Cdc7 Inhibitors

Cdc7 inhibitors represent a diverse class of chemicals designed to specifically target and inhibit the kinase activity of Cdc7, a key regulator of DNA replication initiation. XL413, an ATP-competitive inhibitor, directly binds to the ATP pocket of Cdc7, disrupting its kinase activity and disrupting the initiation of DNA replication. This interference results in cell cycle arrest and inhibition of cell proliferation. PHA-767491, a pyrrolopyridine derivative, directly inhibits Cdc7 kinase activity, disrupting its role in DNA replication initiation. This direct inhibition leads to cell cycle arrest and suppression of DNA synthesis. TAK-931, a highly selective Cdc7 inhibitor, directly targets and inhibits the kinase activity of Cdc7, leading to cell cycle arrest and hindrance of cancer cell proliferation. LY3177833, another potent and selective Cdc7 kinase inhibitor, directly targets Cdc7, inhibiting its kinase activity and disrupting the initiation of DNA replication. This direct inhibition results in cell cycle arrest and inhibition of cancer cell proliferation. PHA-848125, a pyrrolopyridine-based inhibitor, directly targets Cdc7, inhibiting its kinase activity and disrupting DNA replication initiation, leading to cell cycle arrest and suppression of cancer cell proliferation. CMK, YKL-5-124, LY3143921, and ICEC0942 are small molecule inhibitors that directly target Cdc7, inhibiting its kinase activity and disrupting the initiation of DNA replication.
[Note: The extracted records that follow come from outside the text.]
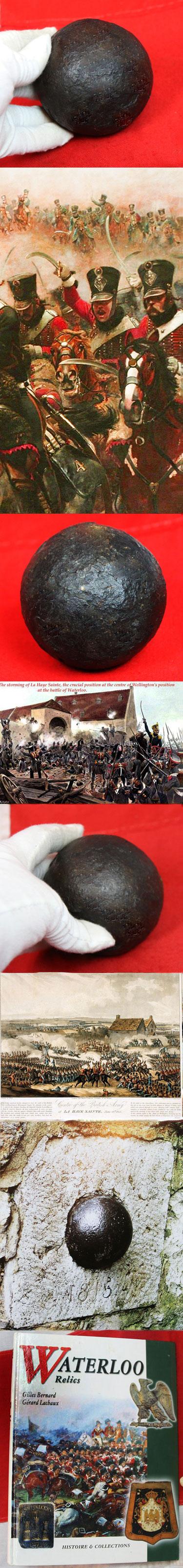 A Superb Original Waterloo Recovered Souvenir '6 Pounder ' Royal Artillery Cannon Ball Fired at La Haye Sainte During The Battle, Recovered Around 200 Yards From The Farm
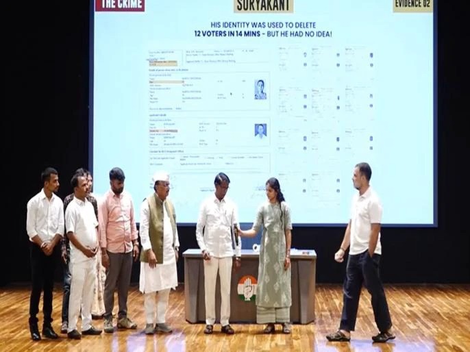 राहुल गांधी पत्रकार परिषदेत म्हणाले की, भारताचे केंद्रीय निवडणूक आयुक्त ज्ञानेश कुमार लोकशाही उद्ध्वस्त करणाऱ्या यंत्रणेला मदत करत आहेत. मी लोकसभेचा विरोधी पक्षनेता म्हणून ही जबाबदारीने माहिती शेअर करत आहे. आम्ही पुराव्यासह या गोष्टी मांडत आहोत. १००० टक्के आम्ही सर्व पडताळणी करून या गोष्टी समोर आणत आहोत. भारताची लोकशाही वाचवणं हे आमचे कर्तव्य आहे. कर्नाटकातील आळंद मतदारसंघात ६०८० मतदारांची नावे वगळण्यात आली. कुणीतरी जाणुनबुजून हे करत होते. पूर्ण निवडणूक प्रक्रिया हायजॅक करण्यात आली असा आरोप करत राहुल गांधी यांनी वगळण्यात आलेल्या मतदारांनाच स्टेजवर आणले.
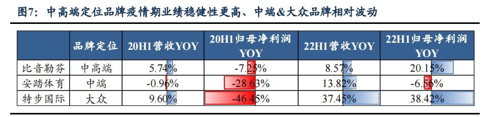 例如,对于同为运动服饰赛道、不同定位的比音勒芬(002832.SZ),结合2020H1和2022H两轮疫情较为严重时期的业绩表现来看,其表现为稳健,2020上半年营收维持增长、净利仅小幅下滑,2022上半年营收净利均保持增长、受疫情扰动较小;特步在2020上半年期间由于补贴经销商净利下滑较多、但 2022表现突出。
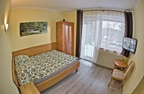 Willa Izery enjoys a location in Szklarska Poręba, a 6-minute walk from Szklarska Poreba Bus Station and 0.8 miles from Izerska Railway. This villa provides free private parking, a shared kitchen, and free Wifi. Szklarki Waterfall is 1.8 miles away, and Kamienczyka Waterfall is 1.8 miles from the villa. The villa complex features certain units with mountain views, and units come with a kettle. At the villa complex, all units are fitted with bed linen and towels. Guests at the villa will be able to enjoy activities in and around Szklarska Poręba, like skiing and walking tours. Dinopark is 1.9 miles from Willa Izery, while Death Turn is 2.7 miles away. Copernicus Wrocław Airport is 75 miles from the property.
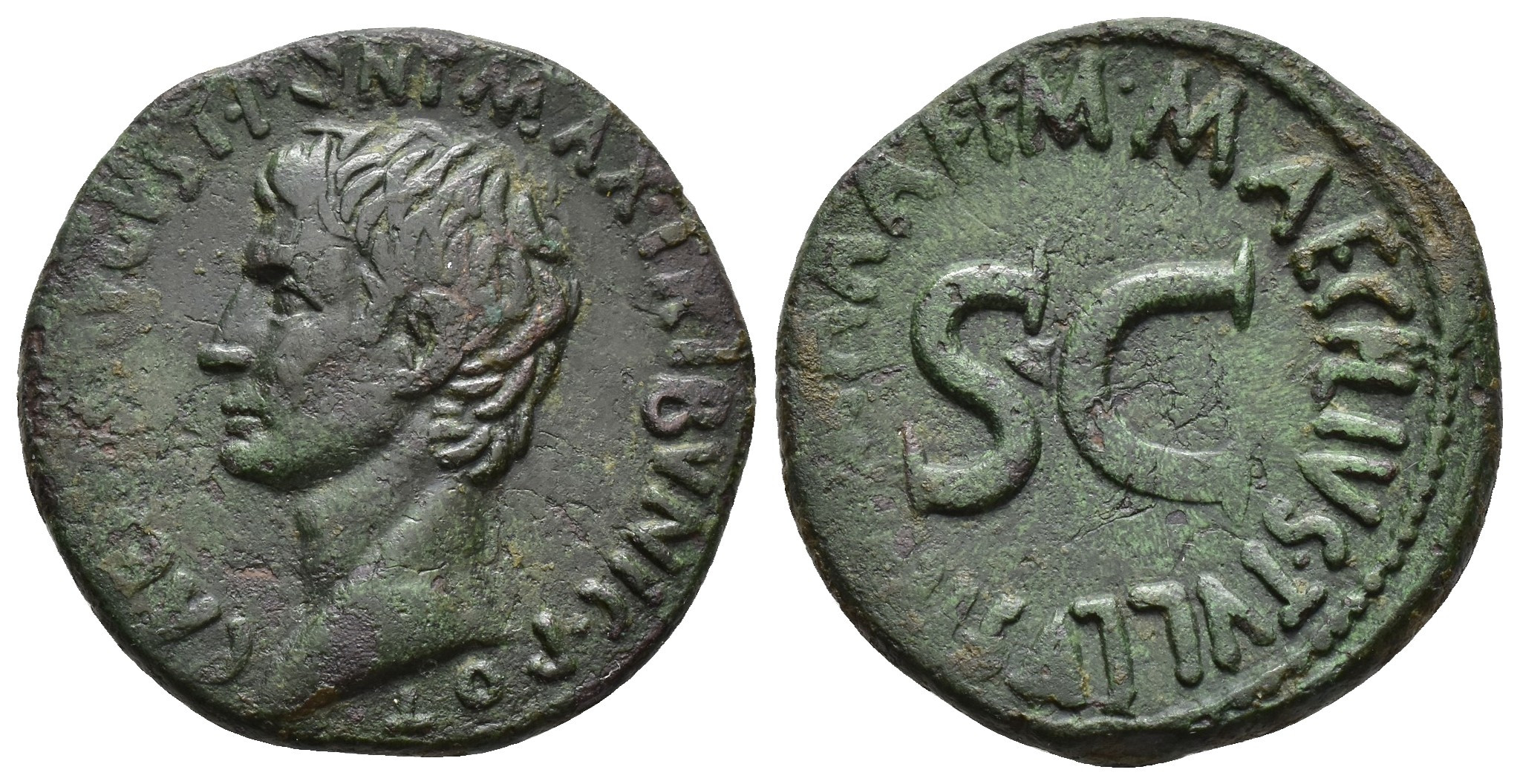 PERIODO DE JULIO CÉSAR A AUGUSTO. AUGUSTO. As. Roma (7 a.C.). A/ Cabeza a izq.; CAE(SAR AV)GVST PONT MAX TRIBVNIC POT. R/ S C, alrededor M MAECILIS TVLLV(S) II VIR (R A A F F). AE 11,08 g. 27,3 mm. RIC-436. Vanos en anv. y rev. Pátina verde ligeramente erosionada. MBC/MBC+.

These direct inhibitions lead to cell cycle arrest and hinder the proliferation of cancer cells by interfering with DNA synthesis. XL413 Hydrochloride, PHA-767491 hydrochloride, and LY3177833 Hydrochloride are salt forms of their respective compounds with similar mechanisms of action. These hydrochloride salts maintain the inhibitory activity against Cdc7, resulting in cell cycle arrest and inhibition of cancer cell proliferation.